Li Hongyu, Sun Xinti, Li Zesheng, Zhao Ruiping, Li Meng, Hu Taohong
Medical College of Soochow University, The People's Liberation Army of China (PLA) Rocket Force Characteristic Medical Center, Beijing, China.
Department of Cardiovascular Medicine, Baotou Central Hospital, Institute of Cardiovascular Diseases, Translational Medicine Center, Baotou, China.
Front Cardiovasc Med. 2023 Jan 4;9:1059543. doi: 10.3389/fcvm.2022.1059543. eCollection 2022.
Great strides have been made in past years toward revealing the pathogenesis of acute myocardial infarction (AMI). However, the prognosis did not meet satisfactory expectations. Considering the importance of early diagnosis in AMI, biomarkers with high sensitivity and accuracy are urgently needed. On the other hand, the prevalence of AMI worldwide has rapidly increased over the last few years, especially after the outbreak of COVID-19. Thus, in addition to the classical risk factors for AMI, such as overwork, agitation, overeating, cold irritation, constipation, smoking, and alcohol addiction, viral infections triggers have been considered. Immune cells play pivotal roles in the innate immunosurveillance of viral infections. So, immunotherapies might serve as a potential preventive or therapeutic approach, sparking new hope for patients with AMI. An era of artificial intelligence has led to the development of numerous machine learning algorithms. In this study, we integrated multiple machine learning algorithms for the identification of novel diagnostic biomarkers for AMI. Then, the possible association between critical genes and immune cell infiltration status was characterized for improving the diagnosis and treatment of AMI patients.

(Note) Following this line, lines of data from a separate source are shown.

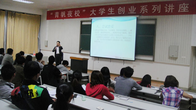 由校团委和招生就业处主办,学生社团联合会承办的beat365在线体育唯一正版第三期“青帆夜校”大学生创业系列讲座第三讲于5月12日晚,在惟实楼6102教室开讲。新前景教育培训机构董事长、中财仕通(北京)财税咨询有限责任公司首席运营官付仕伟老师为我校220余师生作了《我们创业》的讲座。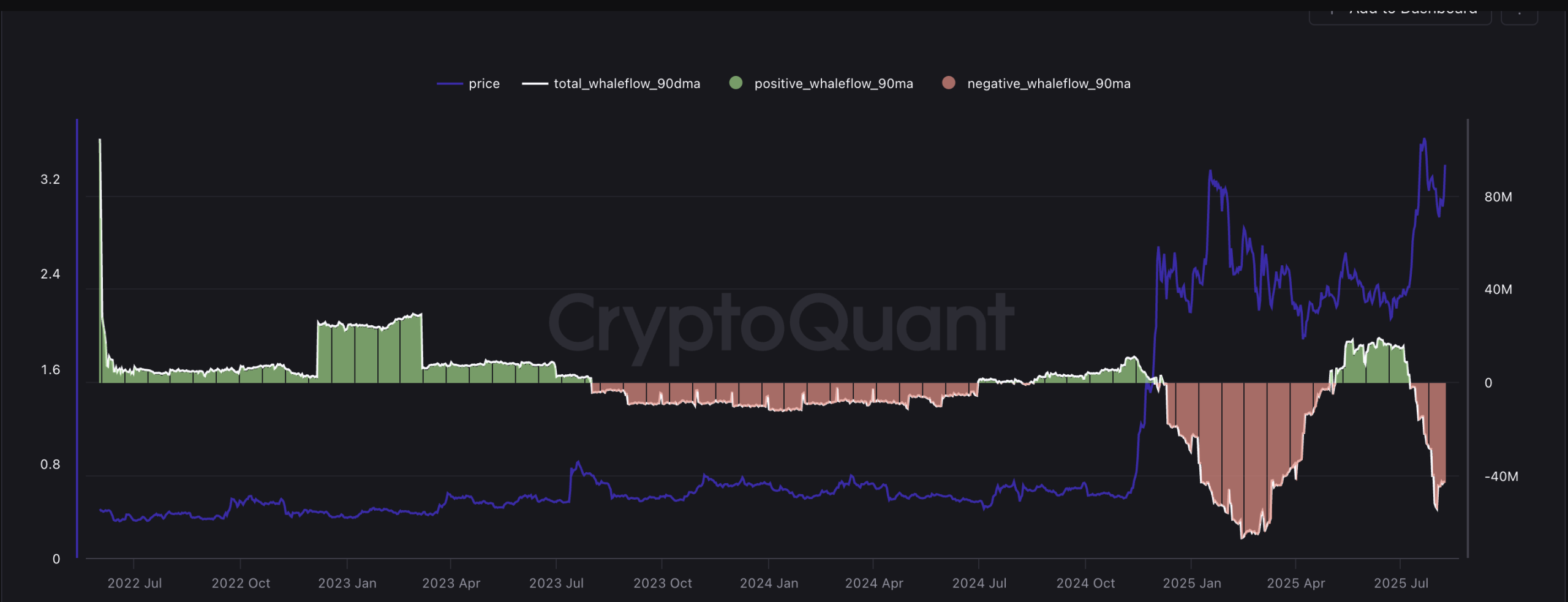 Meski tidak semua arus keluar berarti penjualan langsung (beberapa kemungkinan adalah perpindahan internal), pola historis menunjukkan hubungan terbalik: saat arus masuk whale meningkat, harga cenderung turun, dan sebaliknya.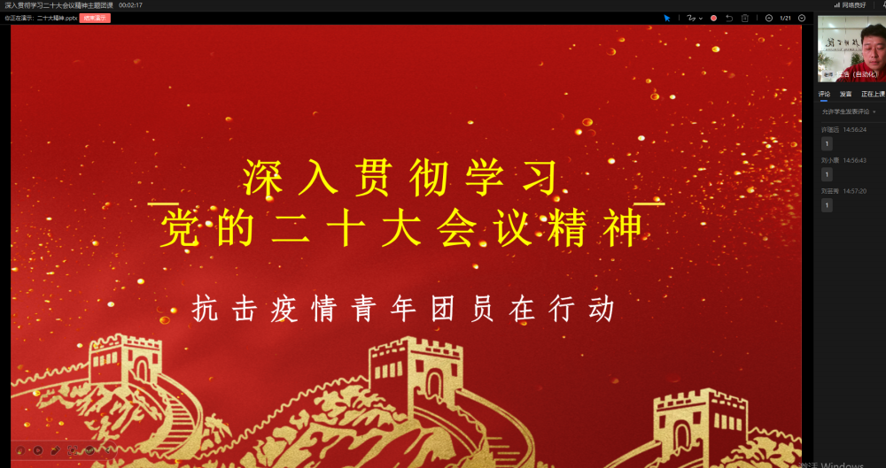 在此次线上团课学习中,团员学生备受鼓舞,纷纷表示,将带头学习和贯彻党的二十大精神,牢记习近平总书记的嘱托,在党的领导下,以理想者、担当者、吃苦者、奋斗者的姿态,奋进新征程,诠释新青春,创造新成绩!用实际行动为抗击新冠疫情做贡献,以精湛的技能为社会主义建设增砖添瓦!
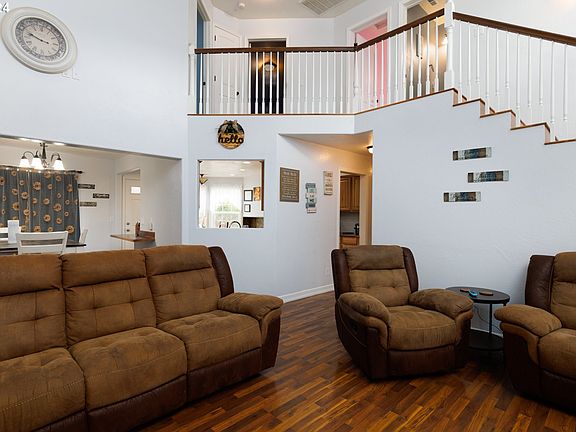 This 4 bedroom 2.5 bath 2011 home is tucked away at the end of a peaceful road. As you step inside, newer floors guide you through the open living space, warmed by a stunning river rock gas fireplace that reaches up toward the high ceilings. Relax in the main floor suite with spa like vibes with a walk in shower, jetted tub, and spacious closet. The kitchen features warm hickory cabinets, newer appliances and a charming eat in nook for casual meals. Outside is a fully fenced yard and back deck for BBQ'ing. A workshop with 220 amp service awaits and is in addition to the 2 car garage.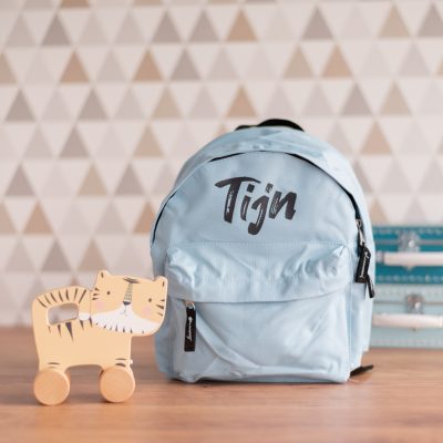 Ben je op zoek naar een rugtas voor een peuter? Dan is deze tas wat je zoekt. Met zijn afmetingen van 25x12x30cm is deze rugtas perfect voor het kleine lichaampje van een peuter of kleuter. Deze veelzijdige rugtas is te bestellen in zeven trendy kleuren waaronder zwart, camouflage, grijs, licht blauw, royal blauw, donker blauw en fuchsia roze. De tas wordt voorzien van de naam van je peuter of kleuter in een bijpassende kleur. Deze rugtas is speciaal gemaakt voor de peuters en kleuters. De tas heeft een groot vak met rits en een voorvak met rits. De rugbanden kun je gemakkelijk strakker en losser maken waardoor de tas goed op de rug van je kleintje past. In de tas is voldoende ruimte voor een beker, bakje en een schoon setje kleding. Deze tas is praktisch voor naar de opvang, naar school of naar de speeltuin. Deze gepersonaliseerde rugtas is super leuk om te geven als cadeautje voor een verjaardag of als kraamcadeau. Uiteraard kun je hem ook gewoon voor je eigen kindje bestellen!

在过去几年中,在揭示急性心肌梗死(AMI)的发病机制方面已经取得了巨大进展。然而,其预后并未达到令人满意的预期。考虑到早期诊断在AMI中的重要性,迫切需要具有高灵敏度和准确性的生物标志物。另一方面,在过去几年中,全球范围内AMI的患病率迅速上升,尤其是在COVID-19爆发之后。因此,除了AMI的经典危险因素,如过度劳累、激动、暴饮暴食、寒冷刺激、便秘、吸烟和酗酒外,病毒感染触发因素也被考虑在内。免疫细胞在病毒感染的固有免疫监视中起关键作用。因此,免疫疗法可能作为一种潜在的预防或治疗方法,为AMI患者带来新的希望。人工智能时代催生了众多机器学习算法。在本研究中,我们整合了多种机器学习算法来识别AMI的新型诊断生物标志物。然后,对关键基因与免疫细胞浸润状态之间的可能关联进行了表征,以改善AMI患者的诊断和治疗。